Nvidia, Apple, and others allegedly trained AI using 173,000 YouTube videos — professional creators frustrated by latest AI training scandal: Report
Nvidia, Apple, and others allegedly trained AI using 173,000 YouTube videos — professional creators frustrated by latest AI training scandal: Report

Nvidia, Apple, and others allegedly trained AI using 173,000 YouTube videos — professional creators frustrated by latest AI training scandal: Report

Some of the world's wealthiest companies, including Apple and Nvidia, are among countless parties who allegedly trained their AI using scraped YouTube videos as training data. The YouTube transcripts were reportedly accumulated through means that violate YouTube's Terms of Service and have some creators seeing red. The news was first discovered in a joint investigation by Proof News and Wired.
While major AI companies and producers often keep their AI training data secret, heavyweights like Apple, Nvidia, and Salesforce have revealed their use of "The Pile", an 800GB training dataset created by EleutherAI, and the YouTube Subtitles dataset within it. The YouTube Subtitles training data is made up of 173,536 YouTube plaintext transcripts scraped from the site, including 12,000+ videos which have been removed since the dataset's creation in 2020.
Affected parties whose work was purportedly scraped for the training data include education channels like Crash Course (1,862 videos taken for training) and Philosophy Tube (146 videos taken), YouTube megastars like MrBeast (two videos) and Pewdiepie (337 videos), and TechTubers like Marques Brownlee (seven videos) and Linus Tech Tips (90 videos). Proof News created a tool you can use to survey the entirety of the YouTube videos allegedly used without consent.

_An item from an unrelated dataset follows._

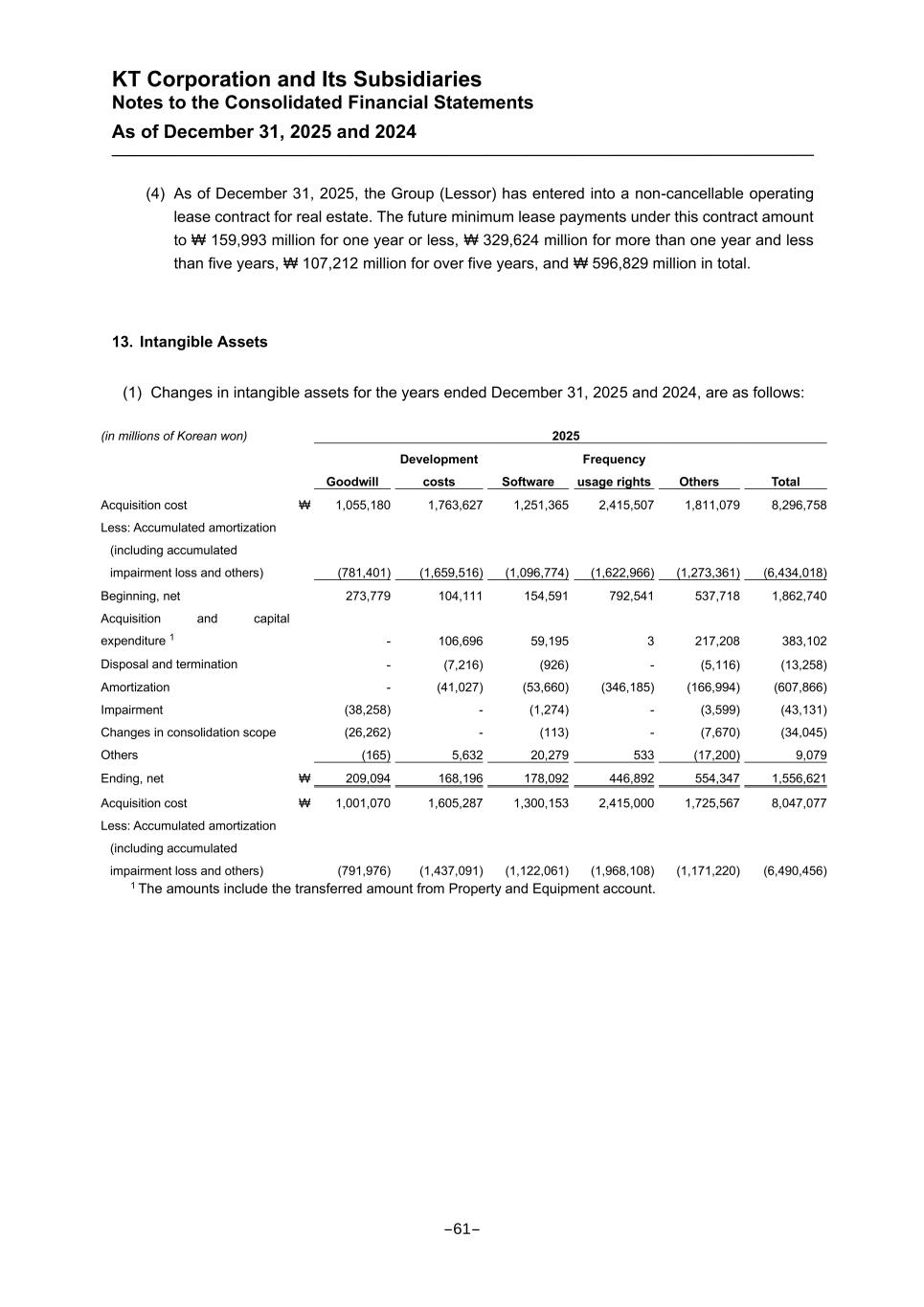 KT Corporation and Its Subsidiaries Notes to the Consolidated Financial Statements As of December 31, 2025 and 2024 (4) As of December 31, 2025, the Group (Lessor) has entered into a non-cancellable operating lease contract for real estate. The future minimum lease payments under this contract amount to ₩ 159,993 million for one year or less, ₩ 329,624 million for more than one year and less than five years, ₩ 107,212 million for over five years, and ₩ 596,829 million in total. 13. Intangible Assets (1) Changes in intangible assets for the years ended December 31, 2025 and 2024, are as follows: (in millions of Korean won) 2025 Goodwill Development costs Software Frequency usage rights Others Total Acquisition cost ₩ 1,055,180 1,763,627 1,251,365 2,415,507 1,811,079 8,296,758 Less: Accumulated amortization (including accumulated impairment loss and others) (781,401) (1,659,516) (1,096,774) (1,622,966) (1,273,361) (6,434,018) Beginning, net 273,779 104,111 154,591 792,541 537,718 1,862,740 Acquisition and capital expenditure 1 - 106,696 59,195 3 217,208 383,102 Disposal and termination - (7,216) (926) - (5,116) (13,258) Amortization - (41,027) (53,660) (346,185) (166,994) (607,866) Impairment (38,258) - (1,274) - (3,599) (43,131) Changes in consolidation scope (26,262) - (113) - (7,670) (34,045) Others (165) 5,632 20,279 533 (17,200) 9,079 Ending, net ₩ 209,094 168,196 178,092 446,892 554,347 1,556,621 Acquisition cost ₩ 1,001,070 1,605,287 1,300,153 2,415,000 1,725,567 8,047,077 Less: Accumulated amortization (including accumulated impairment loss and others) (791,976) (1,437,091) (1,122,061) (1,968,108) (1,171,220) (6,490,456) 1 The amounts include the transferred amount from Property and Equipment account. -61-

Here’s what I don’t understand: these are the wealthiest corporations in the world. They literally have trillions of dollars at their disposal. Since they clearly believed there was value in the videos they stole, why could they not just ask the creators’ permission, and if they consent, pay them a fair fee for access? If they don’t consent, why not just hire a creative to make some more content for them to use? I mean, Apple owns a massive production studio for fucks sake. Tim Cook farts money, I don’t think a thousand dollar investment in a real person is going to break the bank. They could even order up a whole new show just to train the model.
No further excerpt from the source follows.